「如果只是為了名聲好聽,她大可不用開那麼大口,承受那麼大的壓力。」
「也有可能是她野心太大,做人不切實際,故意誇大自己的行為……」
除了這些關心文化發展的文人,看過朝陽義演的百姓也在討論這事。
眾說紛紜,奇異的把這件在報紙版面占的大的事,討論成了大新聞。「話劇」這個詞比剛出來的時候提的人更多,加上大劇院要被拍賣的消息流出,把蘇疏樾、李尹吟和白宣苓三女的戰鬥,又推向了個高峰。

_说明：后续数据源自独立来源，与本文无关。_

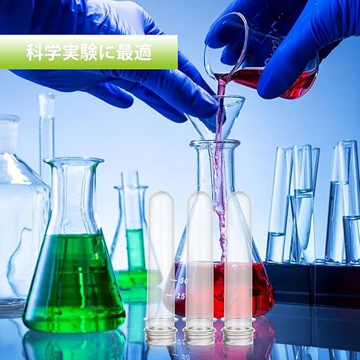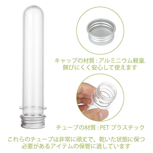 【商品内容】試験管:20本入;サイズ:直径25mm、高さ140mm、容量40ml;材質:ボトル / PET製、フタ/ アルミ製 。

外頭的流言白家當然出手干預了,但哪能擋住所有人的嘴,白家對兒子嚴厲,但對女兒向來教養,見外頭風言風語越來越誇張,白宣苓才被叫到了大堂。
「我哪裡曉得尹吟是怎麼想的,我又沒有吃什麼虧,她為什麼要為我出頭!」白宣苓張嘴閉嘴都不認外頭的事,「你們已經把大哥送走了,難不成還要因為沒影的事,把我也送走!?」
白宣苓眼眶一紅,白老夫人就摟著孫女心肝寶貝兒的叫:「外頭的事,宣苓一個小姑娘哪懂得什麼,你們做什麼凶她。」
哪兒凶她了。
白家的當家人白光義表情無奈:「母親,我只是想把事情問清楚。」
「事情還不夠清楚?瑾軒的事你說他是男子漢大丈夫,我想為自己孫兒說話,都要忍著怕壞了你們這些大人物的大事。可宣苓是女兒家,難不成我連她也管不著了?!」
「母親,我不是這個意思。」
「我看你就是這個意思!宣苓哪兒不好了,長得俊,又會念書,洋人的樂器也會,渾身上下就沒有丁點毛病,你聽了外頭那些流言蜚語就來凶她,拿她跟個姨太太相提並論,哪有你那麼當爹的!」
聽著祖母的維護,白宣苓偷著笑了笑,有祖母在,她阿爸就不可能有機會罰她。再者她祖母說的一點沒錯,她是白家嫡出的小姐,會四門外語,樂器也擅長,蘇疏樾憑什麼拿來跟她相提並論。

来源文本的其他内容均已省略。